(Stored data begins)

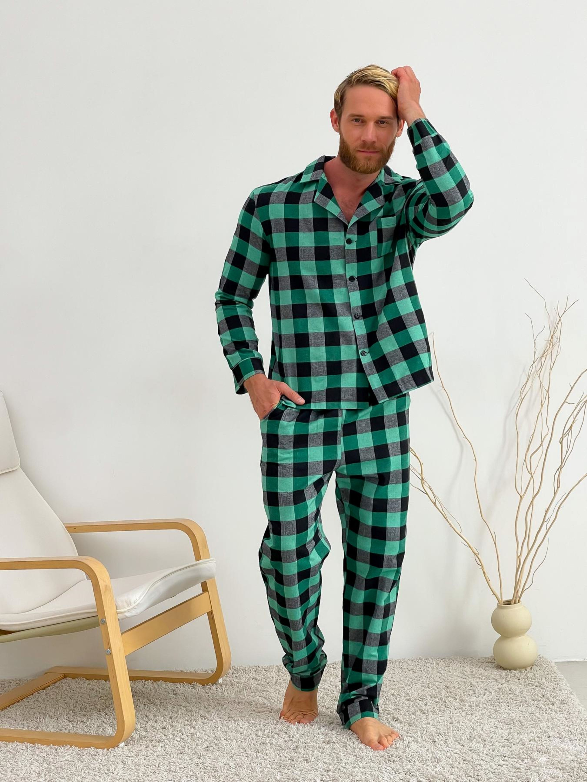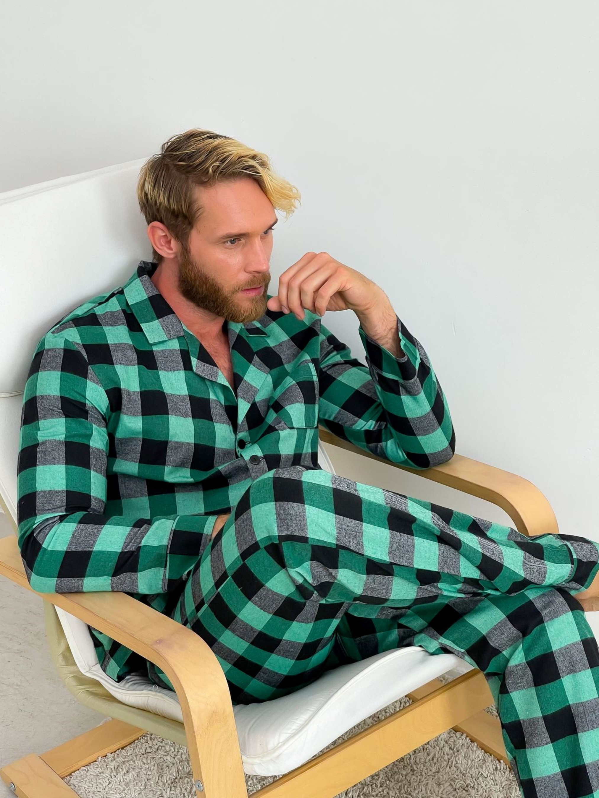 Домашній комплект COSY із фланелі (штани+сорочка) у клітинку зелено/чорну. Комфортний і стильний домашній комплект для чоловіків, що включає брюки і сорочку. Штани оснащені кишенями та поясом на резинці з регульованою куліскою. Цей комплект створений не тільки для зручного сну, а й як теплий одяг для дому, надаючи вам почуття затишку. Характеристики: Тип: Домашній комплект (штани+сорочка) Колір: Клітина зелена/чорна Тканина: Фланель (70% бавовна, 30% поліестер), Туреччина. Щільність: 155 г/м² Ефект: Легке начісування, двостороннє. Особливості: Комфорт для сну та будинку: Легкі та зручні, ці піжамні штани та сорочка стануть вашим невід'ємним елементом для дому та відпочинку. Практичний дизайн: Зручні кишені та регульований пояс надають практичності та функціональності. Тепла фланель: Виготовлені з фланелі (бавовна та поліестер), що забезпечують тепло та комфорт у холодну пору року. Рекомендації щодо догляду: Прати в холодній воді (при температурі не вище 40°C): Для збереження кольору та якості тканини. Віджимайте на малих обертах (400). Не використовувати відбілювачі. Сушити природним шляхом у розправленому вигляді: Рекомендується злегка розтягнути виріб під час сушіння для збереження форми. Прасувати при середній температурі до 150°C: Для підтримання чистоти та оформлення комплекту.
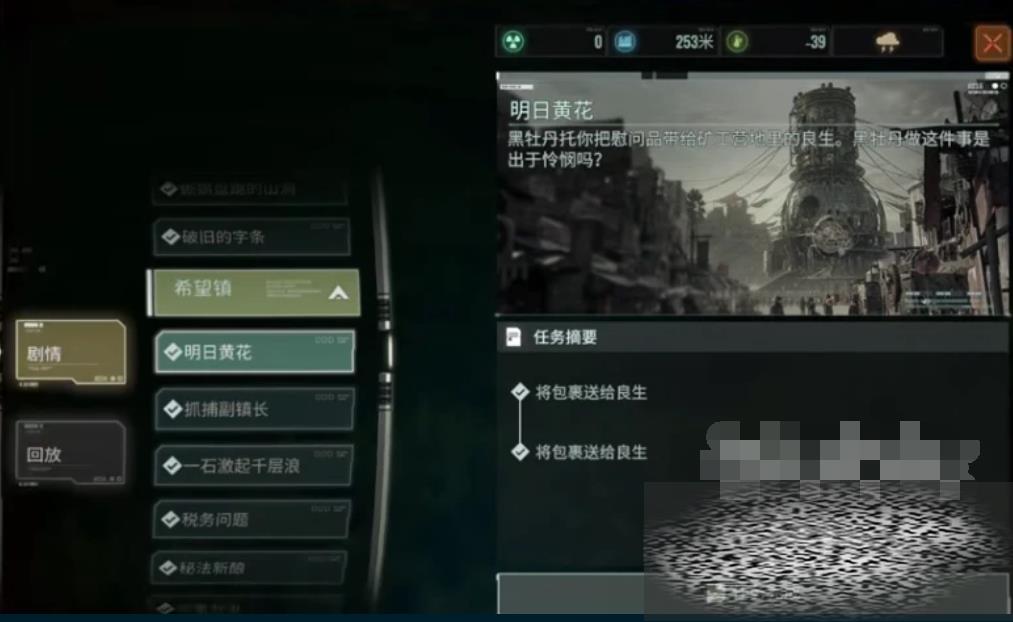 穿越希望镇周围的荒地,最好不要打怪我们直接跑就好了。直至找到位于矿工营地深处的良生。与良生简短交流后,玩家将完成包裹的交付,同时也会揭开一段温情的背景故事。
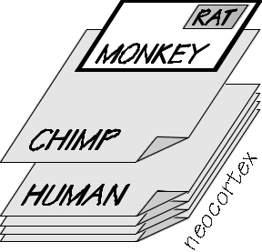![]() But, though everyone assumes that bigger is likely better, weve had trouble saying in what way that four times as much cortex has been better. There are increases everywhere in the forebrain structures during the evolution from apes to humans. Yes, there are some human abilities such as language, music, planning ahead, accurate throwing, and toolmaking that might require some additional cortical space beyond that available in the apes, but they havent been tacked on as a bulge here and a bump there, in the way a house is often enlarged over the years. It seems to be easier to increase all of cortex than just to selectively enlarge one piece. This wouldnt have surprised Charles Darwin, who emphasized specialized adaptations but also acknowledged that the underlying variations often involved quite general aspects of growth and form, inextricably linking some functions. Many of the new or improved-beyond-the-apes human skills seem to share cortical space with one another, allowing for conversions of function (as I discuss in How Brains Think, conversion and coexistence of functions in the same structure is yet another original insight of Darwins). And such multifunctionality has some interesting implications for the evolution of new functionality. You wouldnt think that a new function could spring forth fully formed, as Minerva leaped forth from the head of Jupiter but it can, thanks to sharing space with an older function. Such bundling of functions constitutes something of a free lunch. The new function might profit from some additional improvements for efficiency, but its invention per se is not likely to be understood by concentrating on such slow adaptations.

(Stored data ends)

Directions
Take the listing above and print it exactly, apart from the pictures.

Exercise result
 Домашній комплект COSY із фланелі (штани+сорочка) у клітинку зелено/чорну. Комфортний і стильний домашній комплект для чоловіків, що включає брюки і сорочку. Штани оснащені кишенями та поясом на резинці з регульованою куліскою. Цей комплект створений не тільки для зручного сну, а й як теплий одяг для дому, надаючи вам почуття затишку. Характеристики: Тип: Домашній комплект (штани+сорочка) Колір: Клітина зелена/чорна Тканина: Фланель (70% бавовна, 30% поліестер), Туреччина. Щільність: 155 г/м² Ефект: Легке начісування, двостороннє. Особливості: Комфорт для сну та будинку: Легкі та зручні, ці піжамні штани та сорочка стануть вашим невід'ємним елементом для дому та відпочинку. Практичний дизайн: Зручні кишені та регульований пояс надають практичності та функціональності. Тепла фланель: Виготовлені з фланелі (бавовна та поліестер), що забезпечують тепло та комфорт у холодну пору року. Рекомендації щодо догляду: Прати в холодній воді (при температурі не вище 40°C): Для збереження кольору та якості тканини. Віджимайте на малих обертах (400). Не використовувати відбілювачі. Сушити природним шляхом у розправленому вигляді: Рекомендується злегка розтягнути виріб під час сушіння для збереження форми. Прасувати при середній температурі до 150°C: Для підтримання чистоти та оформлення комплекту.
 穿越希望镇周围的荒地,最好不要打怪我们直接跑就好了。直至找到位于矿工营地深处的良生。与良生简短交流后,玩家将完成包裹的交付,同时也会揭开一段温情的背景故事。
![]() But, though everyone assumes that bigger is likely better, weve had trouble saying in what way that four times as much cortex has been better. There are increases everywhere in the forebrain structures during the evolution from apes to humans. Yes, there are some human abilities such as language, music, planning ahead, accurate throwing, and toolmaking that might require some additional cortical space beyond that available in the apes, but they havent been tacked on as a bulge here and a bump there, in the way a house is often enlarged over the years. It seems to be easier to increase all of cortex than just to selectively enlarge one piece. This wouldnt have surprised Charles Darwin, who emphasized specialized adaptations but also acknowledged that the underlying variations often involved quite general aspects of growth and form, inextricably linking some functions. Many of the new or improved-beyond-the-apes human skills seem to share cortical space with one another, allowing for conversions of function (as I discuss in How Brains Think, conversion and coexistence of functions in the same structure is yet another original insight of Darwins). And such multifunctionality has some interesting implications for the evolution of new functionality. You wouldnt think that a new function could spring forth fully formed, as Minerva leaped forth from the head of Jupiter but it can, thanks to sharing space with an older function. Such bundling of functions constitutes something of a free lunch. The new function might profit from some additional improvements for efficiency, but its invention per se is not likely to be understood by concentrating on such slow adaptations.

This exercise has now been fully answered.